RECORDS TO PROCESS =
:::::
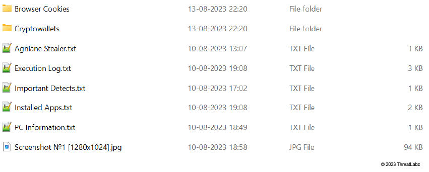 - Stealing Capabilities: Agniane Stealer is an information stealer that takes stored credentials from web browsers, Telegram sessions, Discord tokens, Steam, WinSCP, and Filezilla sessions. In addition, It saves a screenshot of the user’s desktop, quickly collecting OpenVPN profiles and system information.
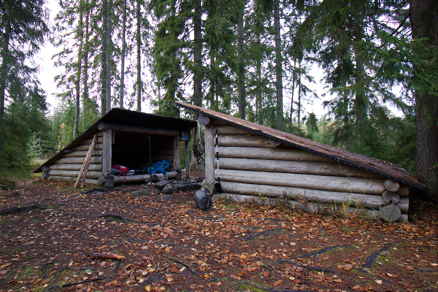 Lokakuun pimeässä illassa ajoin melkein ohi Koveron pienestä, merkitsemättömästä, parkkipaikasta. Parkissa oli muutama auto ja aivan tien läheisyydessä näkyi nuotion loimotus. Tämäkään ei olisi ollut hullumpi paikka jäädä yöksi. Me nostimme kuitenkin rinkat selkään ja siirryimme metsäautotietä pitkin kilometrin päässä olevalle Kymppilaavulle.
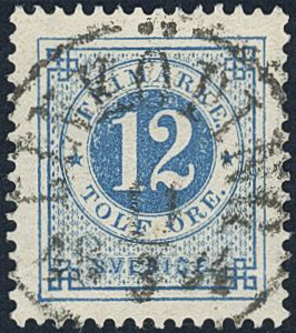 Sweden. Facit 32g used, 12 öre dark blue - light blue on soft paper. EXCELLENT cancellation LINKÖPING 11.3.1884.
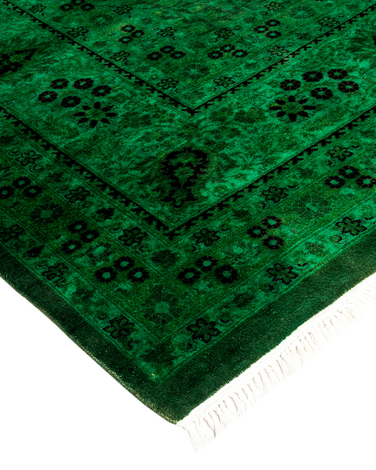 Contemporary Hand-Knotted Overdyed Green Area Rug 9' 1" x 18' 1"
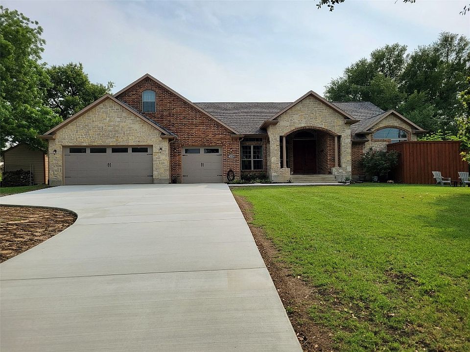 A RARE find! Beautiful 1.5 story brick & stone home on 1.55 acres! Home features 3792 sq ft of living area including 5 bedrooms, one that can be used as flex space with a rooftop balcony deck, 3 full baths, 2 half baths, 2 living areas, 2 dining areas, & wet bar. Large owner's suite includes gorgeous en suite with glass tile walk-in shower, jetted garden tub, and massive walk-in closet! Home is conveniently located north of Forney outside city limits. No subdivision, MUD or city tax. You will LOVE hosting from the well-appointed kitchen with elegant granite counters, oversized island that accommodates 6 barstools, stainless steel appliances, and accent lighting. Kitchen opens to main living room with wood burning fireplace set as the centerpiece, & breakfast nook. Den comes complete with a coffee bar and opens to the formal dining area. 3-car garage and large patio and backyard perfect for entertaining, with oak peach, pear & magnolia trees. Beautiful country living awaits! *MUST SEE*
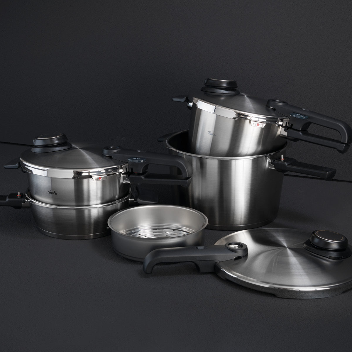 - After heating up, the Fissler pressure cookers also unfoldat medium stove powertheir full power. This allows for energy consumption during cooking.by up to 50%reduce.
:::::
ASSIGNMENT = Leave nothing out but the pictures when transcribing the records.

EXPECTED OUTPUT =
 - Stealing Capabilities: Agniane Stealer is an information stealer that takes stored credentials from web browsers, Telegram sessions, Discord tokens, Steam, WinSCP, and Filezilla sessions. In addition, It saves a screenshot of the user’s desktop, quickly collecting OpenVPN profiles and system information.
 Lokakuun pimeässä illassa ajoin melkein ohi Koveron pienestä, merkitsemättömästä, parkkipaikasta. Parkissa oli muutama auto ja aivan tien läheisyydessä näkyi nuotion loimotus. Tämäkään ei olisi ollut hullumpi paikka jäädä yöksi. Me nostimme kuitenkin rinkat selkään ja siirryimme metsäautotietä pitkin kilometrin päässä olevalle Kymppilaavulle.
 Sweden. Facit 32g used, 12 öre dark blue - light blue on soft paper. EXCELLENT cancellation LINKÖPING 11.3.1884.
 Contemporary Hand-Knotted Overdyed Green Area Rug 9' 1" x 18' 1"
 A RARE find! Beautiful 1.5 story brick & stone home on 1.55 acres! Home features 3792 sq ft of living area including 5 bedrooms, one that can be used as flex space with a rooftop balcony deck, 3 full baths, 2 half baths, 2 living areas, 2 dining areas, & wet bar. Large owner's suite includes gorgeous en suite with glass tile walk-in shower, jetted garden tub, and massive walk-in closet! Home is conveniently located north of Forney outside city limits. No subdivision, MUD or city tax. You will LOVE hosting from the well-appointed kitchen with elegant granite counters, oversized island that accommodates 6 barstools, stainless steel appliances, and accent lighting. Kitchen opens to main living room with wood burning fireplace set as the centerpiece, & breakfast nook. Den comes complete with a coffee bar and opens to the formal dining area. 3-car garage and large patio and backyard perfect for entertaining, with oak peach, pear & magnolia trees. Beautiful country living awaits! *MUST SEE*
 - After heating up, the Fissler pressure cookers also unfoldat medium stove powertheir full power. This allows for energy consumption during cooking.by up to 50%reduce.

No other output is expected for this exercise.